Operating Income of $9.3 Million Also Exceeds Company Guidance of
$8 Million in 2008 ROSH HAAYIN, Israel, February 25
/PRNewswire-FirstCall/ -- Pointer Telocation Ltd. (Nasdaq Capital
Market: PNTR, Tel-Aviv Stock Exchange: PNTR) - a leading developer,
manufacturer and operator of advanced command and control
technologies and roadside assistance services for the automotive
industry, announced today its financial results for the fiscal year
ended December 31, 2008. The financial results for Pointer
Telocation Ltd. (Pointer) for 2008 include for the first time a
full year of financial results from the Cellocator business which
was acquired in September 2007. Pointer's 2008 financial results
reflect major progress in the implementation of Pointer's business
strategy to become a leading provider of technology and solutions
to the automotive and insurance industries. Today, Pointer's
products and services have a global presence with an installed
product base of over 500,000 units in more than 25 countries.
Financial Highlights: Revenues: Pointer's annual revenues for 2008
increased 48.5% to $76.6 million compared to $51.6 million in 2007.
Pointer's annual revenue topped the Company's prior guidance
released after the second quarter of 2008, which had upwardly
revised its estimated annual revenue in 2008 to $76.0 million from
$65.0 million. Pointer's international operations accounted for 29%
of its revenues in 2008 as compared to 17% in 2007. Pointer's
revenues from products for the full year of 2008 accounted for 40%
as compared with 30% of 2007 revenue.
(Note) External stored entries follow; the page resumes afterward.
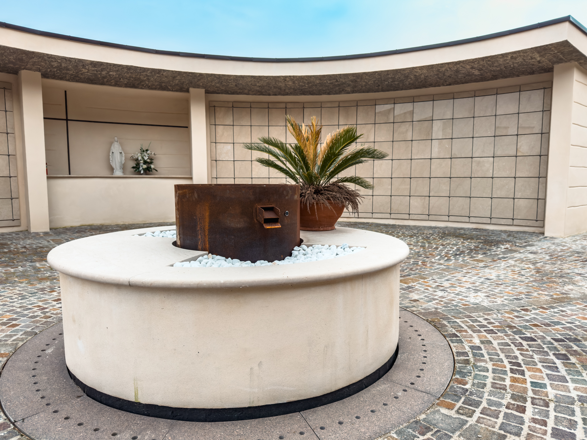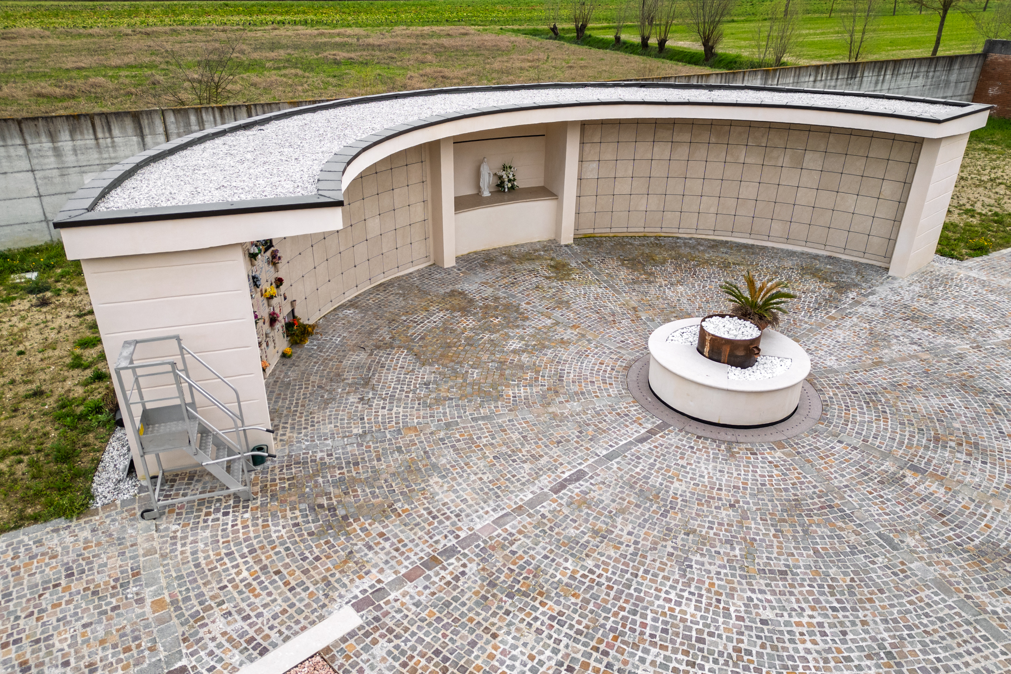 IA2 Buildings ha realizzato il nuovo cinerario con area dedicata alla dispersione delle ceneri presso il cimitero di Zianigo, nel Comune di Mirano.
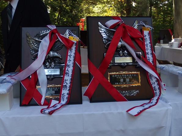 ![]() 中学女子個人 優勝盾・次勝盾 |
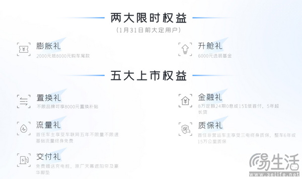 目前,官方为1月31日前大定的用户提供了2000元抵8000元购车尾款的膨胀礼、6000元选装基金的升舱礼、8000元置换补贴的置换礼、8万定额24期0息或15%低首付5年超长贷款的金融礼,以及质保礼流量礼和交付礼等权益。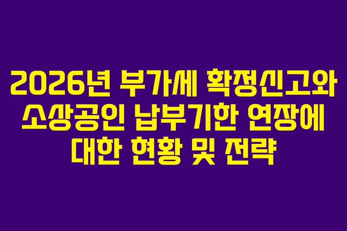 이번 포스팅을 통해 2026년 부가세 확정신고와 소상공인 납부기한 연장 관련 정보를 충분히 이해하고, 성공적인 신고를 위해 필요한 전략을 잘 세우시길 바랍니다.
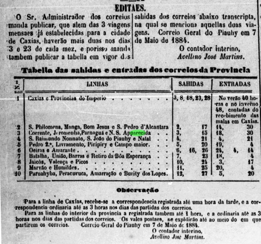 On the other hand, the Directory of Imperial Post Offices (Tabella das Agencias do Correio do Imperio, Rio de Janeiro, 1885) writes the year 1882, which could be the date when the post office started operating. So far, no postmark from this station has been seen in the imperial period.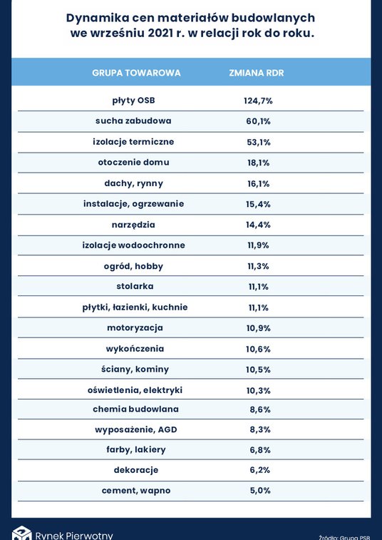 - Jeżeli do tej pory mówiło się o szybujących cenach materiałów budowlanych, to po najnowszej publikacji PSB bardzo trudno będzie dobrać odpowiedni przymiotnik opisujący dynamikę hossy na tym rynku. Co gorsza, nie jest to jedyna zła informacja dla potencjalnych klientów hurtowni budowlanych.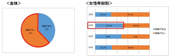 パーティーでガッカリした経験はありますか。という質問に62%が『ない』と 回答し、予想以上にパーティーでガッカリした経験がないことがわかった。また30代女性は、半数以上がガッカリ経験があることがわかった。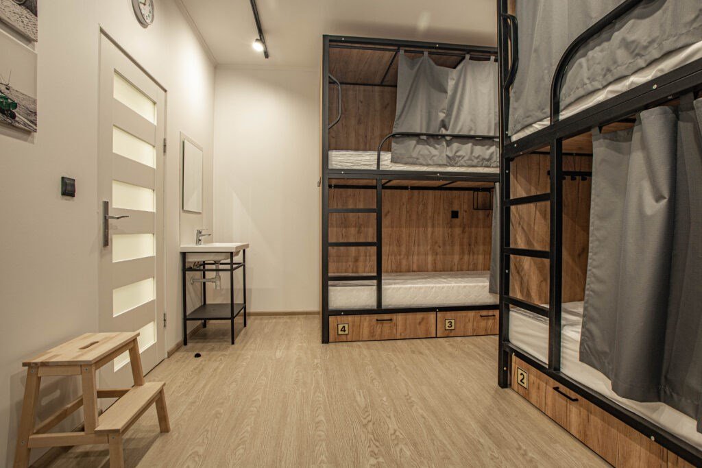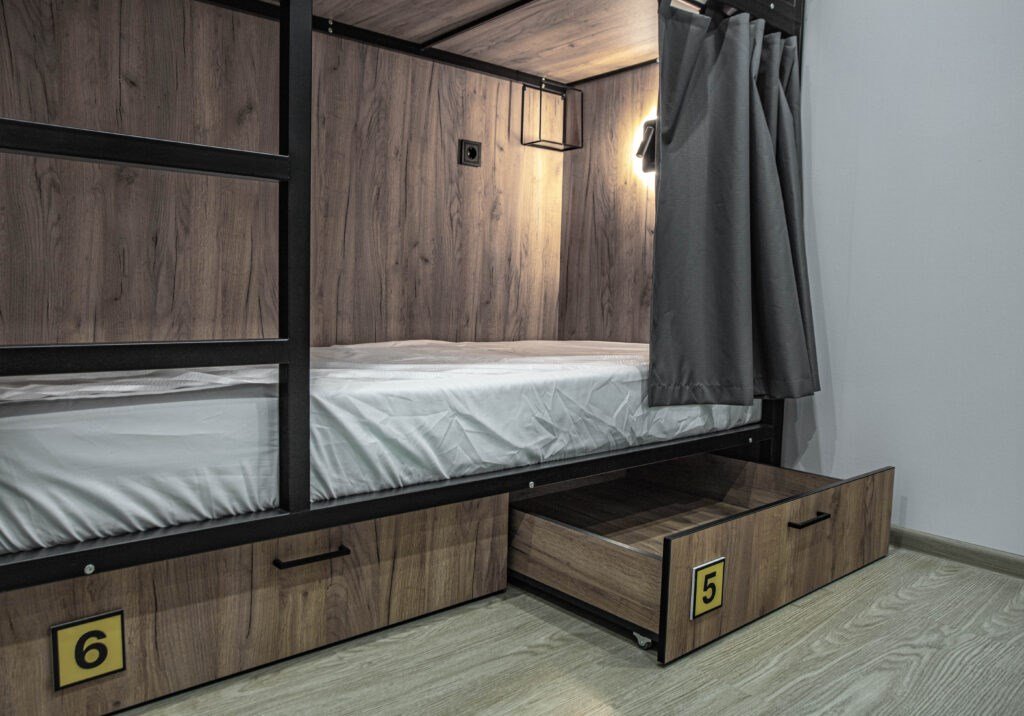 Две двухъярусные кровати капсульного типа, на надежном, усиленном металлическом каркасе, который выдерживает суммарный вес 300 кг. Персональный шкафчик оборудован полкой, для электронных девайсов, штангой для вешалок под одежду. На дверце надежный кодовый замок. Кровать оборудована шторкой, позволяющей создать личное пространство. Внутри светильник, розетка, полка под телефон, штанга для одежды. Дополнительное место для хранения личных вещей- выдвижной ящик под кроватью, где можно хранить сумки, чемоданы, обувь. Внутри номера установлен умывальник, чтобы помыть руки, фрукты, и прочее. Вам не нужно будет для этого выходить в общий санузел. Качественное белоснежное постельное белье категории Страйп-сатин 100% хлопок, которое будет радовать ваш сон, полотенца 2 шт.Услуги и удобства

The increase in total
revenues and the growth in product sales and in international
activities in the 2008 as compared to 2007, are primarily
attributable to the inclusion of the operations of Cellocator in
2008. Gross Profit: In 2008, gross profit increased 55.6% to $29.4
million as compared to $18.9 million in 2007. As a percentage of
revenues, gross margin was 38.4%, in the full year of 2008,
compared to 36.6%in 2007. Operating Income: In 2008 Pointer
recorded $9.3 million in operating income, compared to $4.2 million
for the 2007. Operating income improved mainly because of growth in
total revenue and an increase in gross margin. Operating expenses
increased at a lower rate than the growth in revenue and gross
margin. Minority Interest: For 2008 Pointer reported a $2.2 million
minority share in the operations of Shagrir, compared to $1.4
million in full year 2007. Net Income: For the year ended December
31, 2008, Pointer recorded net income of $2.4 million or $0.5 per
share as compared to net loss of $0.3 million or $(0.08) per share
in 2007. Non-GAAP net income: For the year ended December 31, 2008,
Pointer's non-GAAP net income was $7.1 million, as compared to
non-GAAP net income of $2.2 million in 2007. EBITDA: Pointer's
EBITDA in 2008 increased 72% to $15.4 million as compared to $9.0
million in 2007. Balance Sheet Highlights: Shareholder's Equity
increased to $35.8 million at December 31, 2008 compared to $32.2
million at December 31, 2007. Total liabilities from banks and
other liabilities decreased to $31.7 million at December 31, 2008
from $36.8 million at December 31, 2007 due to Pointer's repayment
of loans during 2008. Danny Stern, Pointer CEO, said: "2008 was an
excellent year for Pointer, especially in Israel. Our Mexican
business, although still a very small part of our global business,
continues to grow in subscribers and revenues, despite economic
instability in that market. Events affecting the global vehicle
industry have a significant bearing on the demand for our
technology. We continue to closely monitor events affecting that
industry; however, at this point in time, we cannot estimate their
impact. On the other hand, our services business has a stable
outlook even considering the current uncertainties in the global
economy. Our Israeli subsidiary Shagrir, which provides Road Side
Assistance and Stolen Vehicle Recovery services, enjoyed growth and
profitability during 2008 and so is strongly positioned for 2009.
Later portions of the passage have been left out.